◆ Records for this exercise
————
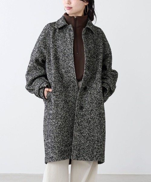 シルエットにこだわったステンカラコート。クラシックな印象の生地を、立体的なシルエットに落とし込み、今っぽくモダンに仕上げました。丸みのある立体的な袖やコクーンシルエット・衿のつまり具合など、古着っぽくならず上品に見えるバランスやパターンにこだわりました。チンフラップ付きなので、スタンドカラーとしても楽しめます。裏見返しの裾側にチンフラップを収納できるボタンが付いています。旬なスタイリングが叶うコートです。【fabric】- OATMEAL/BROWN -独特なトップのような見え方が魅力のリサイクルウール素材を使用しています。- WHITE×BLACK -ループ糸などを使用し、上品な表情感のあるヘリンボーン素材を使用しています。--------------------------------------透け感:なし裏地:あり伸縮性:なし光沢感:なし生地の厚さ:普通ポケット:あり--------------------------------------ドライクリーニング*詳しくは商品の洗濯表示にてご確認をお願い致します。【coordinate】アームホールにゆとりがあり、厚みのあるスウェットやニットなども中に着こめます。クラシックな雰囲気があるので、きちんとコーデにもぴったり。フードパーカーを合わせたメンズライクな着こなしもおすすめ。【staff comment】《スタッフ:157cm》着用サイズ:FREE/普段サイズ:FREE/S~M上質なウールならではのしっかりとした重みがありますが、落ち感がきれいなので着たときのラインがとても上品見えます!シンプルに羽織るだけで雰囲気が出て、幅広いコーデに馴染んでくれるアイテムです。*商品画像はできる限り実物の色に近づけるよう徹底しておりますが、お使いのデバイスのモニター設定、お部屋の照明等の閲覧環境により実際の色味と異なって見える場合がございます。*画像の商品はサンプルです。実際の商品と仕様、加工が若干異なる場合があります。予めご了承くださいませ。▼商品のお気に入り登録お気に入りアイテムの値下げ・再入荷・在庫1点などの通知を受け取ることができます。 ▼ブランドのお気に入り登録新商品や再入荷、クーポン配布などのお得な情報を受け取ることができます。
————
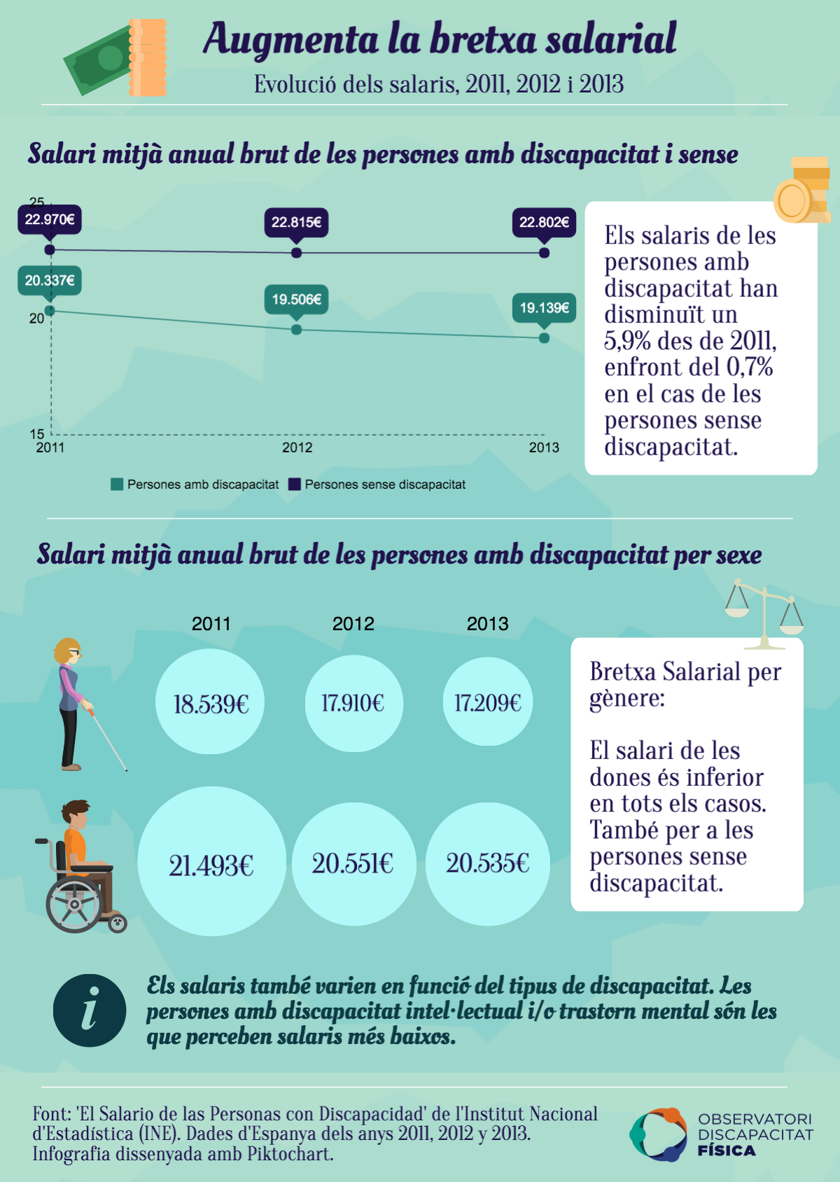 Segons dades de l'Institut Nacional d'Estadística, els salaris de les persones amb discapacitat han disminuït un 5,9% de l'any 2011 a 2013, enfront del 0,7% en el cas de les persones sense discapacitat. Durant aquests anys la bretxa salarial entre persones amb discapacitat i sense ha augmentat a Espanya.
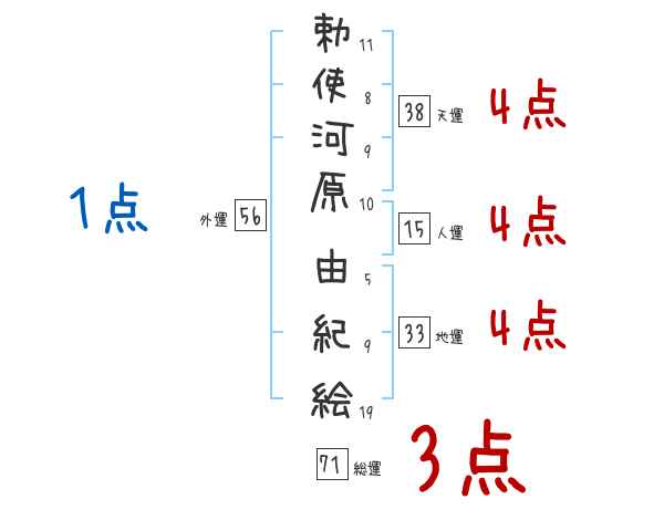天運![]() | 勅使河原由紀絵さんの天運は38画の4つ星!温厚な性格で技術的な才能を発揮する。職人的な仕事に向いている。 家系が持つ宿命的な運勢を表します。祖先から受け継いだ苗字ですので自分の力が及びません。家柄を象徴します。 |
————
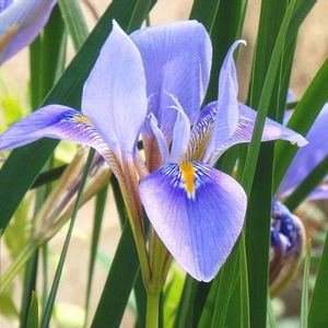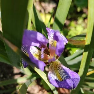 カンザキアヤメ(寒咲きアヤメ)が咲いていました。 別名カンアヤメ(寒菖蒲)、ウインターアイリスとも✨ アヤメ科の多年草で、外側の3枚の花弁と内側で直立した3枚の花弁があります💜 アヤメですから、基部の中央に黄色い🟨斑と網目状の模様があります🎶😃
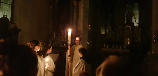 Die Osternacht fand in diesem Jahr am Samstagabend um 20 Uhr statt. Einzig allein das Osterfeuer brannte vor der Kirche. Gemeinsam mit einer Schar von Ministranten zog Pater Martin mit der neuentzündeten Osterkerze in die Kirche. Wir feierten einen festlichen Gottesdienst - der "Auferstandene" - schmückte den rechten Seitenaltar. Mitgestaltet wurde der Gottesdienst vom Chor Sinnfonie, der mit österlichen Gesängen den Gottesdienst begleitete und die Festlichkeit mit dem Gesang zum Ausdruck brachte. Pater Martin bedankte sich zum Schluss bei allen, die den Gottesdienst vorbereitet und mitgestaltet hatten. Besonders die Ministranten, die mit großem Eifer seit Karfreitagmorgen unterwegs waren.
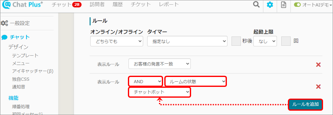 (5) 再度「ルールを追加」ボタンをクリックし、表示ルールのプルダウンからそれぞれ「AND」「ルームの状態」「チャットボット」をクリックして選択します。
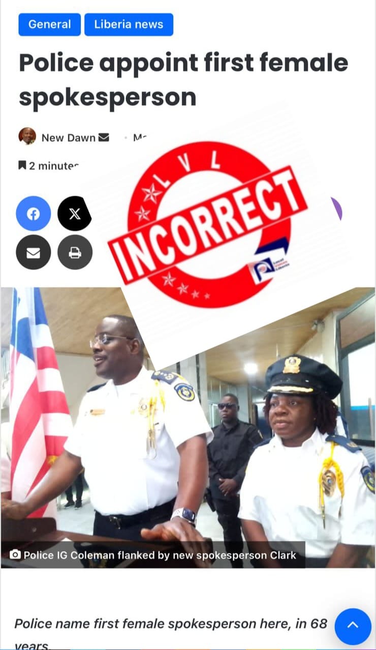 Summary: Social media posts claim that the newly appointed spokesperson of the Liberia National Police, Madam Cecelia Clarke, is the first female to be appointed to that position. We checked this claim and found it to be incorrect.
————
Only one stretch of the listing is wanted: the lines starting at the one with "Segons dades de" and ending at the one with "天運![]() | 勅使河原由紀絵さんの天運は38画の4つ星!温厚な性格で技術的な才能を発揮する。職人的な仕事に向いている。", copied exactly and free of pictures.

 Segons dades de l'Institut Nacional d'Estadística, els salaris de les persones amb discapacitat han disminuït un 5,9% de l'any 2011 a 2013, enfront del 0,7% en el cas de les persones sense discapacitat. Durant aquests anys la bretxa salarial entre persones amb discapacitat i sense ha augmentat a Espanya.
天運![]() | 勅使河原由紀絵さんの天運は38画の4つ星!温厚な性格で技術的な才能を発揮する。職人的な仕事に向いている。 家系が持つ宿命的な運勢を表します。祖先から受け継いだ苗字ですので自分の力が及びません。家柄を象徴します。 |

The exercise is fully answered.